Further, only 5/8 [8, 11, 14–16] reviews specified whether prospective and/or retrospective study designs were eligible. Both concomitant therapy and study design are factors that may have an effect on results, and if not specified, may introduce bias into overall findings.
Further, the terms prospective or retrospective may be used to describe the study design but may not apply in the same way to data collection/analysis. For example, sample collection may have occurred before the outcome of interest, but analysis of the sample (i.e. measurement of the prognostic factor by PFT) may have been undertaken after the outcomes occurred.
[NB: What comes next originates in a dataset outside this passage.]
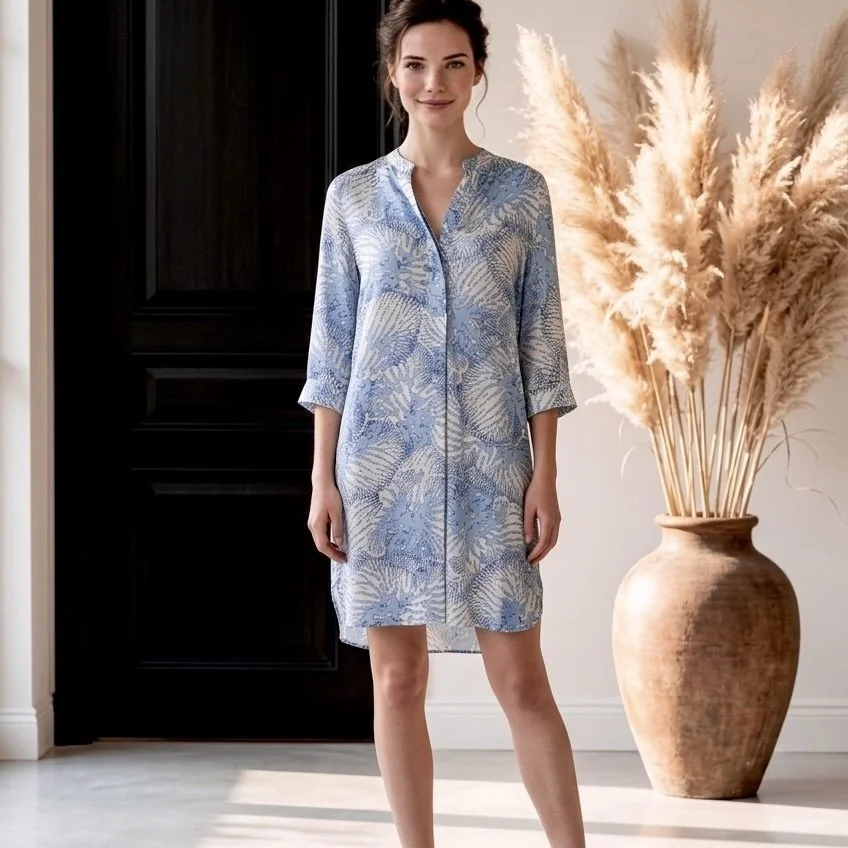 Kombiniere das Kleid mit Sandalen oder schlichten Flip-Flops für einen entspannten Alltagslook – oder mit eleganten Accessoires für einen stilvollen Auftritt am Abend.

One such example is the study by Eikelboom et al. [18], which is described as a nested case–control study (within an RCT) but could also meet the criteria for a prospective (prognostic) study as sample collection preceded clinical events.
Other eligibility criteria variously specified in individual reviews only were the reporting of specific outcome statistics [14], blinding of investigators [11] measurement of patient compliance [15] or English language [16]. Again, these criteria may have an impact on completeness and robustness of the evidence identified and synthesised by each review.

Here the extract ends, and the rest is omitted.